In a separate case, one of Russia's best-known investigative journalists, Alexander Khinshtein, has gone into hiding. Interior Minister Vladimir Rushailo, frequently a target of his journalistic exposs, accuses Mr. Khinshtein of illegally obtaining a driver's license.
Khinshtein was ordered to take a psychiatric examination at an Interior Ministry-run clinic in a city several hours from his Moscow home. That rings loud alarm bells with human rights workers, who remember the Soviet KGB's routine use of psychiatric clinics to subdue dissidents.
It is not just the media that is feeling the heat. Using the excuse of possible terrorist attacks, law-enforcement groups are stepping up random checks in key Russian cities. And last month, Alexander Voloshin, the Kremlin chief of staff, ordered security officials to prevent "foreigners" from exerting influence over the March presidential vote. Authorities recently told the Glasnost Foundation, a human rights organization, that its foreign guests must be vetted by the Interior Ministry.
Then there are moves to spy via the Internet. Under a new system known as SORM, secret services allegedly could monitor all e-mail traffic.
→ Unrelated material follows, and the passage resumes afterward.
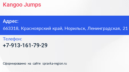 Kangoo Jumps по адресу 663318, Красноярский край, Норильск, Ленинградская, 21 в дальнейшем Организация, размещена в следующих категориях: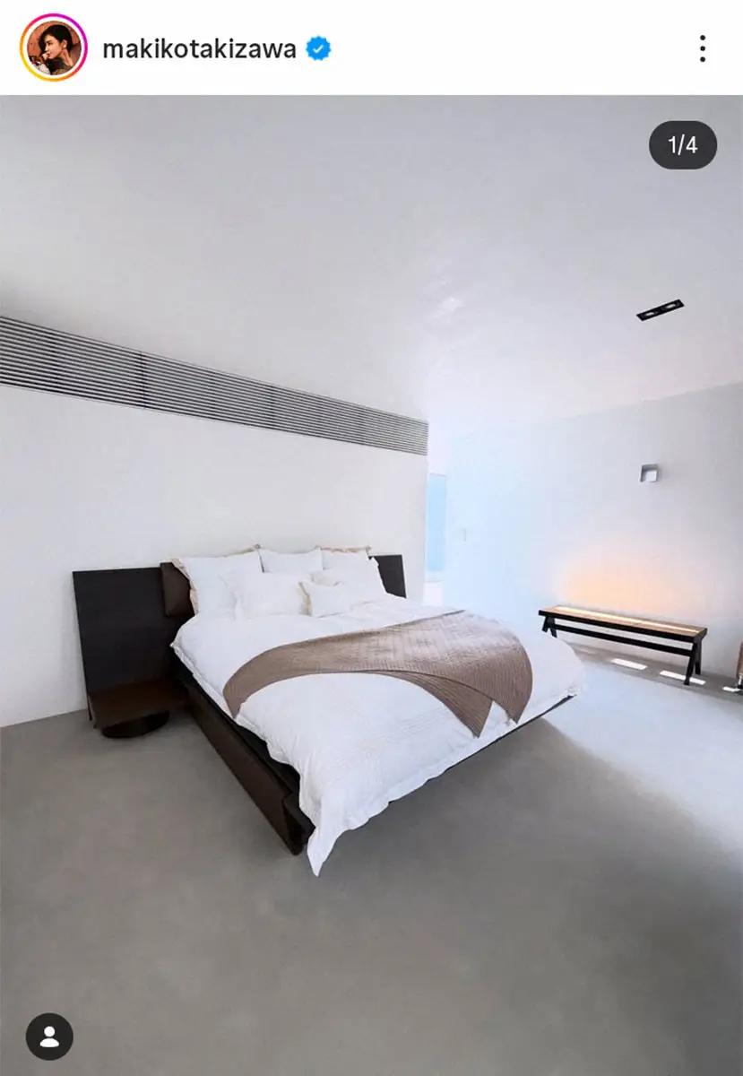 滝沢はインスタグラムに広々をした寝室の写真を投稿。「寝室が素敵になりました」とつづった。

Russian media report that officers from the Foreign Security Service (FSB), successor to the KGB, have already closed down regional Internet service providers in Volgograd and Orekhovo-Zuyevo.
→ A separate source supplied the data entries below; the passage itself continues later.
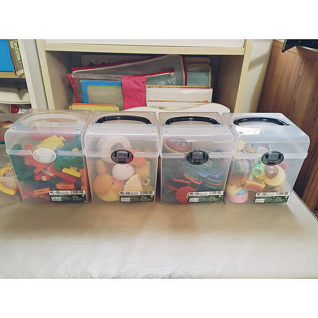 beanzさんは、細々としたおもちゃを収納するのにCDケースを活用しています。透明なので何のおもちゃが入っているのか一目瞭然で、遊びたいおもちゃを選びやすそうです。またスクエア型なら収納スペースにも収まりやすく、並べたり重ねたりと見栄え良く綺麗に整理することができます。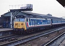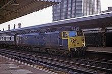 The class was built for working passenger services on the West Coast Main Line (WCML) north of Crewe, to Preston, Lancaster, Carlisle, Glasgow Central and Perth, occasionally reaching as far north as Aberdeen. Services south of Crewe would generally be worked by an electric locomotive, with the Class 50s taking over for the journeys that continued north.[10] Initially trains were hauled by a single locomotive, but from May 1970 they were paired on 8 out of 34 locomotive diagrams covering Anglo-Scottish services north of Crewe,[11] allowing greatly accelerated timings to be applied (including a six-hour schedule for the "Royal Scot" London Euston-Glasgow Central and v.v. service). Once the electric service was introduced as far as Preston in 1973, this double-heading by Class 50s transferred there, although poor availability often resulted in single-heading with consequent delays. The ability to operate using multiple working had been part of the locomotive's initial design brief, but only two of the class had the facility from new, but with the introduction of the regular double headed duties, this facility was fitted to the whole class.[10]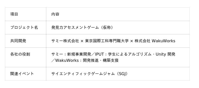 本プロジェクトでは、サミーの新規事業開発における構想力、IPUT の教育実践力、WakuWorks の開発推進・実装支援の知見を掛け合わせ、協働体制を構築。

Technical, ideological, social, and psychological conditions have been created for the special services to have nonsanctioned access to personal information," says Joseph Dzyaloshininsky of the Commission on Freedom of Information Human Rights Foundation in Moscow.
Putin repeatedly has denied that there will be any turning back of the clock on civil liberties. "Talk about an iron hand and a forthcoming dictatorship have become more frequent. Any reason for the revival of public fears should not be given," he said Jan. 21.
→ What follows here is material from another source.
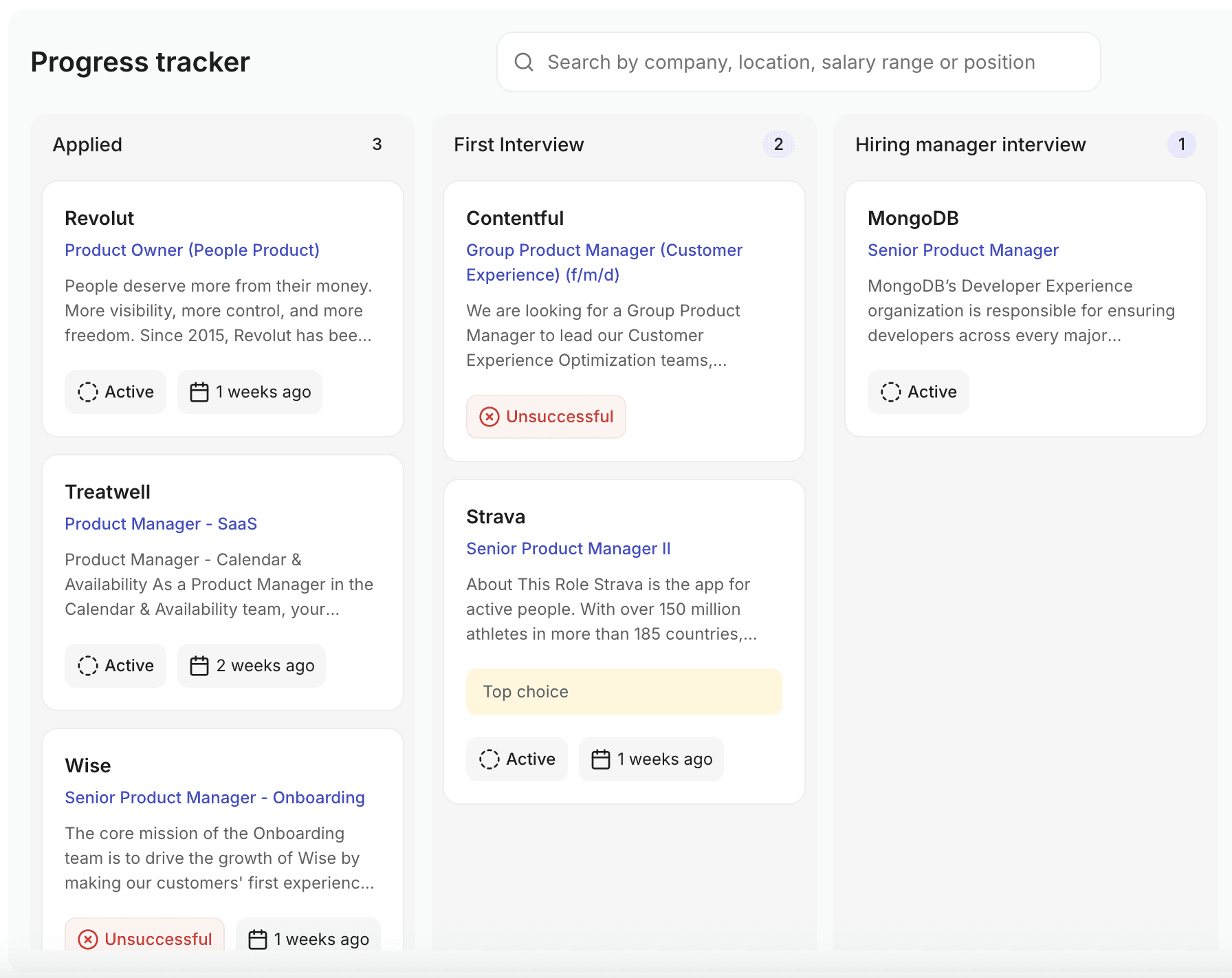 Kanban-board style structure that mirrors how ATS work.

But this does not reassure those who suffered under the Soviet totalitarianism that dominated the last century.
Many Russians are pondering whether Putin could revive the influence of the secret services, which once counted on 300,000 active members and the collaboration of perhaps 30 percent of the population. The common wisdom has been that they were whittled down by budget cuts following the Soviet Union's demise in 1991.
But recently, Putin has allocated more funding to the security forces, amid speculation, denied by the government, that the FSB and the Interior Ministry will be merged to become stronger.
Analysts say the thousands of agents who left the services maintain an old-boy network. Countless parliamentarians once worked for the KGB. And Yeltsin's last three prime ministers - including Putin - were former spymasters. Putin himself has summoned ex-KGB colleagues from his native St Petersburg to join his staff.
Such men are pre-disposed to less liberal thinking, says Vyasheslav Nikonov, a political analyst who served as an aide to the last KGB chief, Vadim Bakatin. "Those in their 40s, like Putin, are the pragmatic generation. But KGB people are more inclined to support tougher measures," he says.
Tough measures against perceived enemies were indeed Putin's mark during his brief tenure as FSB head and then as prime minister. Under his stewardship, the services spent time harassing an enviromentalist for revealing secret information. Kremlin insiders also allege security services were behind the leak of a sexually explicit videotape meant to damage a Yeltsin foe, former Prosecutor General Yuri Skuratov. And authorities have been lethargic in solving the 1998 murder of a leading democrat, Galina Staravoitova, despite the arrest of a suspect by neighboring Latvia.